On Tue, 11 Feb 2025 at 16:12, Quentin Perret <qperret@google.com> wrote:
>
> Hi Fuad,
>
> On Tuesday 11 Feb 2025 at 12:11:25 (+0000), Fuad Tabba wrote:
> > diff --git a/include/uapi/linux/kvm.h b/include/uapi/linux/kvm.h
> > index 117937a895da..f155d3781e08 100644
> > --- a/include/uapi/linux/kvm.h
> > +++ b/include/uapi/linux/kvm.h
> > @@ -652,6 +652,12 @@ struct kvm_enable_cap {
> >  #define KVM_VM_TYPE_ARM_IPA_SIZE_MASK        0xffULL
> >  #define KVM_VM_TYPE_ARM_IPA_SIZE(x)          \
> >       ((x) & KVM_VM_TYPE_ARM_IPA_SIZE_MASK)
> > +
> > +#define KVM_VM_TYPE_ARM_SW_PROTECTED (1UL << 9)
>
> FWIW, the downstream Android code has used bit 31 since forever
> for that.
>
> Although I very much believe that upstream should not care about the
> downstream mess in general, in this particular instance bit 9 really
> isn't superior in any way, and there's a bunch of existing userspace
> code that uses bit 31 today as we speak.
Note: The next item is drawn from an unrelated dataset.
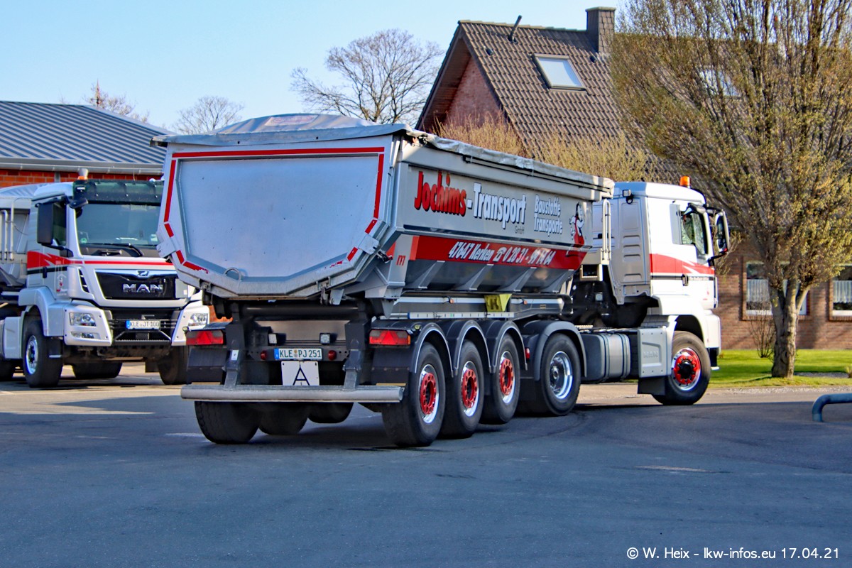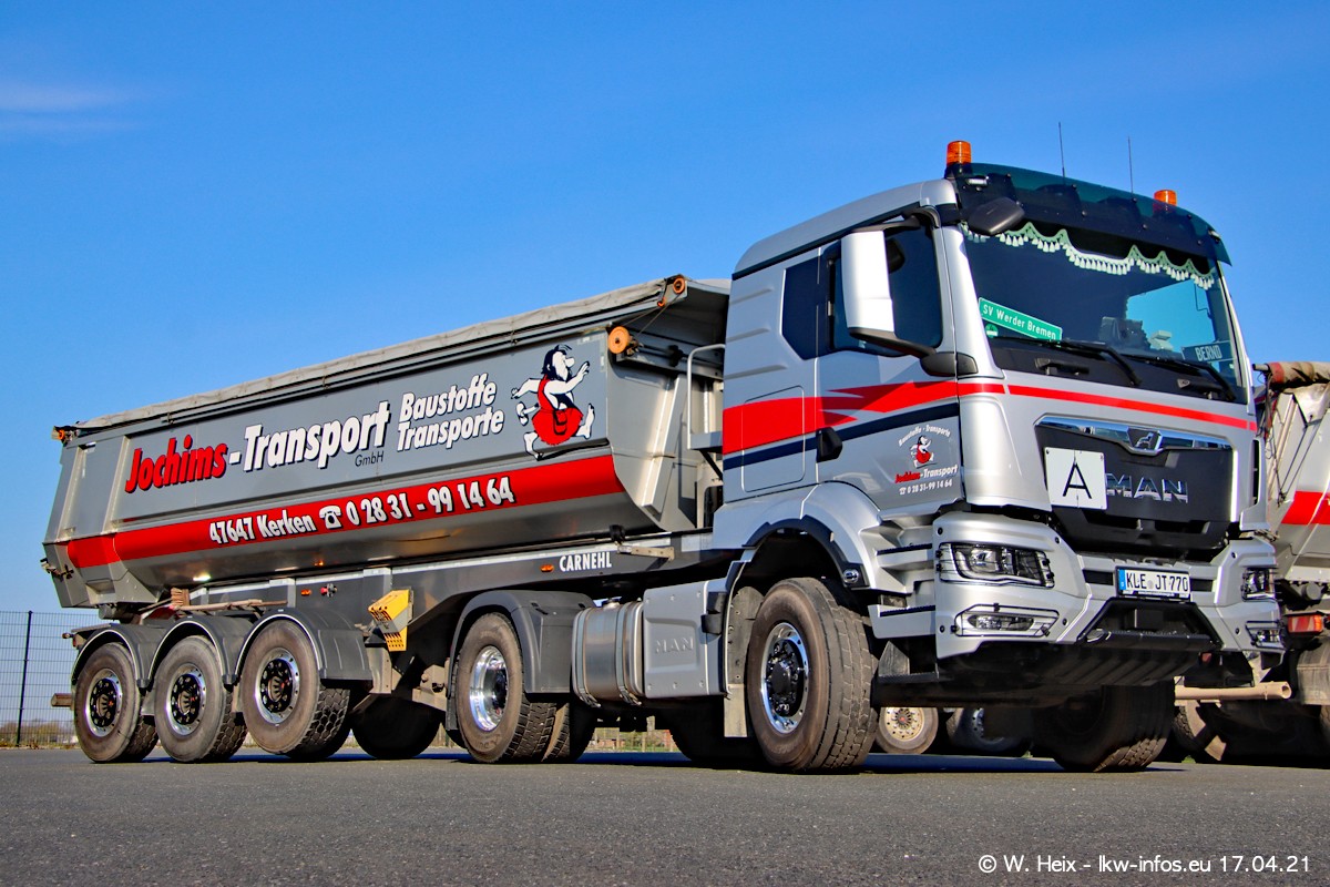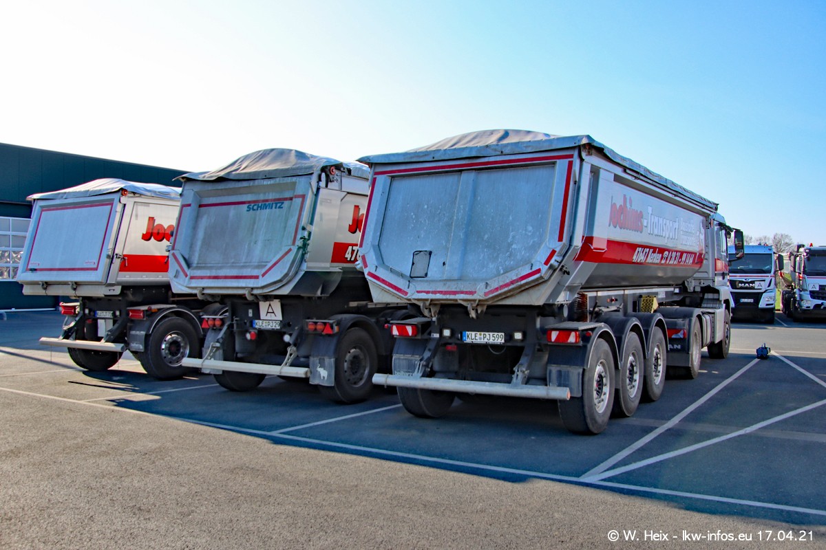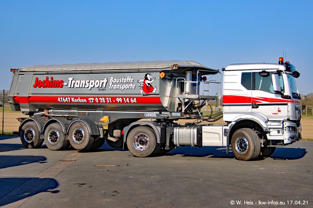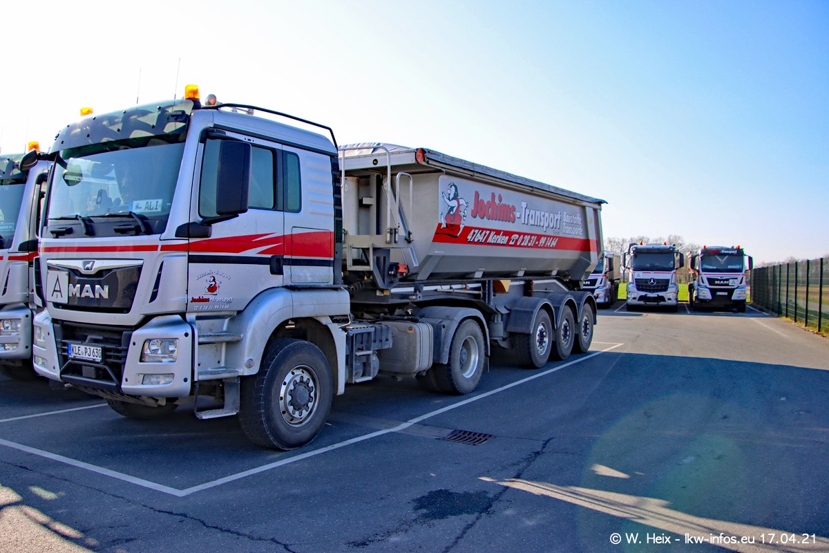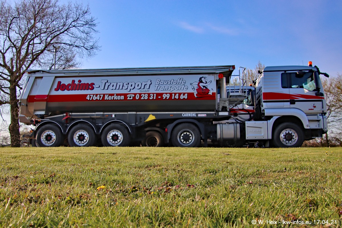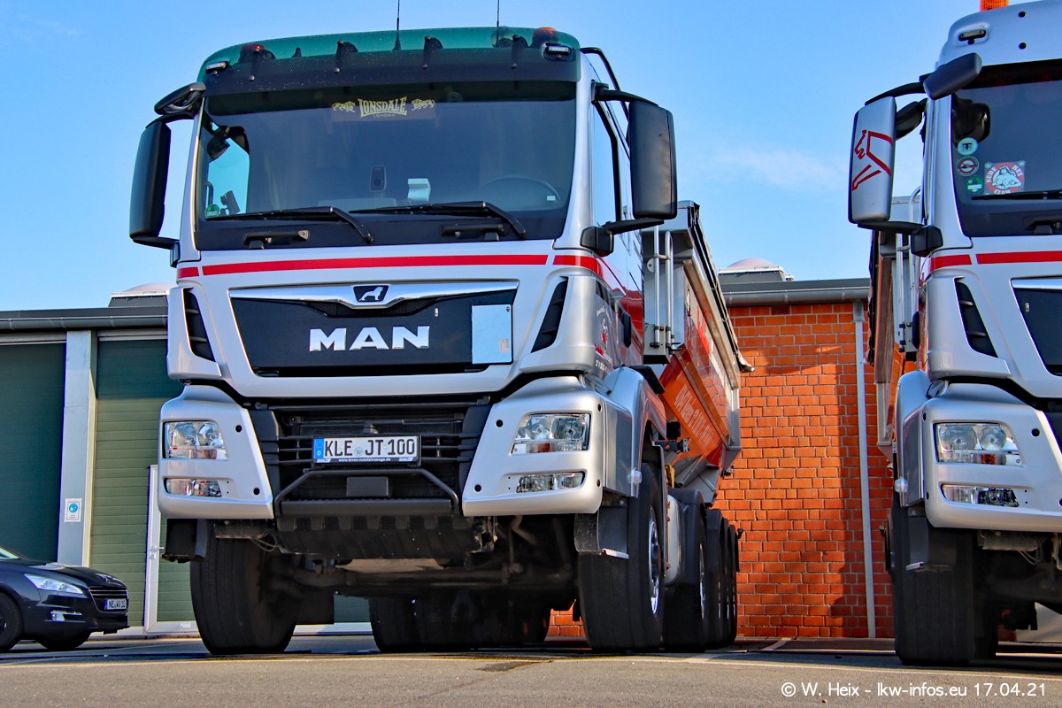 Es sind schon wieder fast 1,5 Jahre vergangen, seit ich zuletzt bei Jochims zu Besuch war. Entsprechend gibt es viele neue LKW. Das sind meines Wissens alles Zugmaschinen von MAN, zu erkennen an den jetzt geänderten Kennzeichen mit der Kombination "KLE JT" und nicht mehr "KLE PJ". Jochims hat in der letzten Zeit noch viele MAN TGS der jetzt alten Baureihe gekauft, aber jetzt ist auch seit einigen Wochen der erste neue MAN TGS im Fuhrpark. Wir haben ein kleines Fotoshooting auf den Gelände gemacht und den alten und den neuen MAN nebeneinander gestellt. Im Sommer kommen voraussichtlich weitere neue LKW. Alle Bilder sind vom Hauptsitz in Kerken, wo ungefähr die Hälfe der Fahrzeuge steht.

It is very much Android's
> problem to update these userspace programs if we do go with bit 9
> upstream, but I don't really see how that would benefit upstream
> either.
>
> So, given that there is no maintenance cost for upstream to use bit 31
> instead of 9, I'd vote for using bit 31 and ease the landing with
> existing userspace code, unless folks are really opinionated with this
> stuff :)

My thinking is that this bit does _not_ mean pKVM. It means an
experimental software VM that is similar to the x86
KVM_X86_SW_PROTECTED_VM. Hence why I didn't choose bit 31.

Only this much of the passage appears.